What was happening? The hard water, heavily laden with calcium, was naturally alkaline because the calcium acts as a buffer system that naturally maintains the water at an alkaline pH. And, the final pH depends a lot on the calcium concentration in the water, with harder water being more alkaline.

If you add some acidifying agent like bisulfite you are trying to overpower this calcium buffer system. The deceptive part is that it works for a few days making the aquarist think they've actually accomplished something. But, the various biological processes working in the aquarium would eventually consume the bisulfite, allowing the calcium buffer system to recover.

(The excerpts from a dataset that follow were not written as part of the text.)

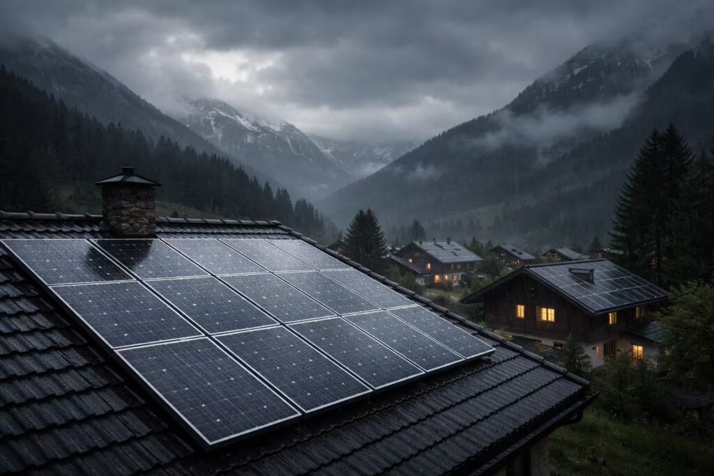 Les installations solaires sur les toits ne devraient plus être construites. Les panneaux solaires devraient être inclinés d’au moins 60 degrés. Un ensoleillement plus direct en hiver compenserait en partie la brièveté des journées et les situations de brouillard, tandis que la production serait plus faible en été.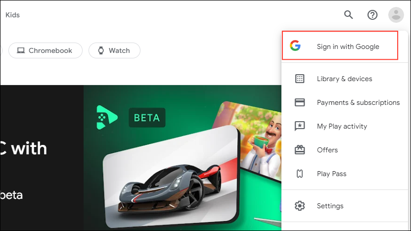 - Visit the Google Play Store webpage on your desktop and click on the account icon on the top right and then on 'Sign in with Google'.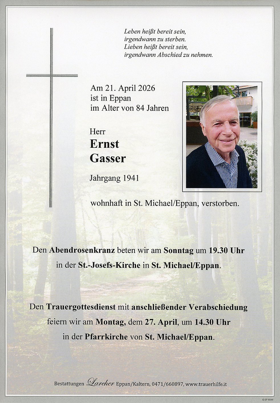 Den Trauergottesdienst mit anschließender Verabschiedung feiern wir am Montag, dem 27. April, um 14.30 Uhr in der Pfarrkirche von St. Michael/Eppan.

But why did the fish still die? The pH roller coaster ride would weaken them, they'd contract some hideous infection, and die. Or, the salt concentration from all that bisulfite would eventually reach a level that was harmful to the fish. (South American catfish and tetras, for instance, are notoriously sensitive to excessive salt concentrations.)

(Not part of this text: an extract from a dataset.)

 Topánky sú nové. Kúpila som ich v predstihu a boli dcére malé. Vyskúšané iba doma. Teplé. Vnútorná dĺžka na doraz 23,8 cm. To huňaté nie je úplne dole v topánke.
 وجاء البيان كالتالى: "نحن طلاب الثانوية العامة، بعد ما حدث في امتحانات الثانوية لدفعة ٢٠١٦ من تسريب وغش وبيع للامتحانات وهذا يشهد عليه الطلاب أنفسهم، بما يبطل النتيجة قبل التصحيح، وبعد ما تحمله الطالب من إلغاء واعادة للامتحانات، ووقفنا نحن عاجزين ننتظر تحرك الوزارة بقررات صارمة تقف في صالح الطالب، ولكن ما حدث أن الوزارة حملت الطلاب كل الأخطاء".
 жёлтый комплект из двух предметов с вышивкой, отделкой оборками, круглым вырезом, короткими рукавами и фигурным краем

In the meantime the aquarium shop sold hundreds of pH testing kits, thousands of bottles of bisulfite, and eventually untold numbers of tanks full of expensive tropical fish before the hobbyist (usually by pure luck) happened on fish that were pre-acclimated to hard water, or figured out the problem.

What should the aquarist really do? Remove the calcium from the water. There are two good methods for doing this. One is to set up the aquarium with distilled, demineralized, or reverse osmosis water (no calcium at all), then check the pH daily, adding small quantities of hard (i.e., calcium laden) tap water until a uniform pH was reached within the desired range. Once an appropriate but small amount of calcium built up to maintain only a weak buffer system, the pH would remain indefinitely near the desired value.

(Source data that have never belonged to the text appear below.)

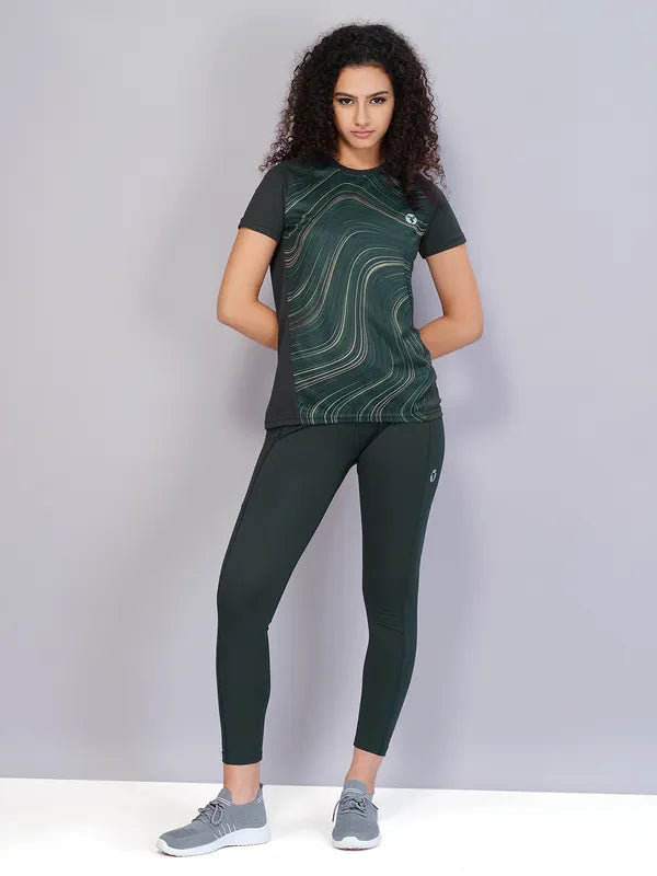 Women Printed Slim Fit Crew Neck T-shirt with TECHNO COOL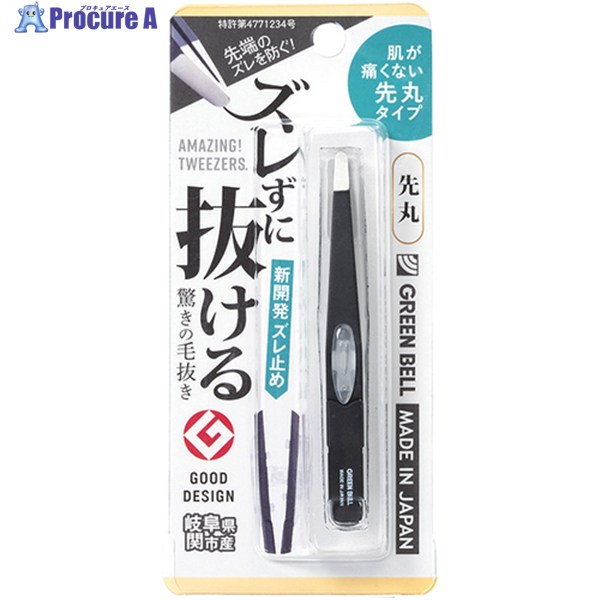 GREENBELL ズレずに抜ける驚きの毛抜き 先丸 ブラック ▼368-7820 GT-234 1個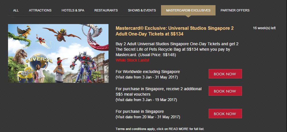 และในครั้งนี้เราก็เจอจริงๆ โปรโมชั่นร่วมกับเครดิต Master Card ค่ะ คือ ถ้าซื้อตั๋วแบบ 1 day pass โดยซื้อ 2 คน จะสงนราคาอยู่ที่ 134 SGD จากปกติถ้าซื้อ 2 คน จะเท่ากับ 152 SGD ซึ่งเมื่อคูณกลับเป็นเงินไทยในราคาโปรโมชั่นนี้ก็ไม่ต่างกับที่ซื้อกับ agent ในไทยมากนักและในครั้งนี้ ยังมีของแถมให้กับคนที่จองโปรโมชั่นนี้ด้วย คือ The Secret Life of Pets Recycle Bag ให้ถึง 2 ใบด้วยกัน ซึ่งของแถมนี้จะไปรับได้ที่ ร้าน Universal Studio Shop ได้เมื่อเดินทางไปถึงค่ะ เมื่อได้พบโปรโมชั่นดีๆ แบบนี้แล้ว เราจะรออะไรล่ะ จองเลย วิธีการจองก็ไม่ยากอะไรมาก เข้าเว็บ เลือกระบุวันที่และจำนวนที่ต้องการ ละจ่ายค่าตั๋วผ่านบัตร Master Card ค่ะ ขอย้ำนะคะว่าต้องจ่ายผ่านบัตร Master Card เท่านั้นถึงจะได้โปรโมชั่นนี้ และเมื่อจองเสร็จเราก็จะได้ e-ticket confirmation + gift vocher สำหรับไว้ไปรับกระเป๋าผ้า ส่งมาที่อีเมล์ของเราที่ได้ให้ไว้ แค่นี้เมื่อได้เราก็พิมพ์ออกมา และนำไปที่หน้าสวนสนุกแล้วก็ยื่นให้เจ้าหน้าที่ได้เลย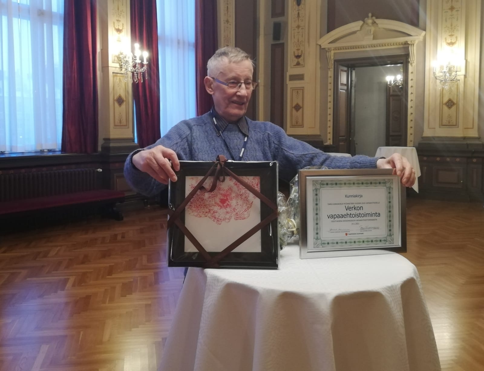 ”Olen ollut Verkossa mukana 21 vuotta. Vaimoni Sirkka tuli ensin vapaaehtoiseksi ja kehui aina, että täällä on niin mukavaa. Ajattelin, että tuotahan pitää kokeilla itsekin. Sillä tavalla minä takerruin Verkkoon.

Or, use a small Zeolite, water softening kit (available in any really good aquarium shop) in the filter to remove the bulk of the calcium from the initial tap water. This too requires daily checks of pH, but when it reaches the desired value one must merely remove the water softener kit, and the pH will remain at the desired level almost forever. (Don't waste your money on a calcium test kit. You don't care about the calcium. It's the final pH that you're interested in.)

The moral to this story: Don't waste your time trying to fiddle with peat's pH. You're fighting a naturally occurring system that has complete control of the game, and the game is fixed: You lose!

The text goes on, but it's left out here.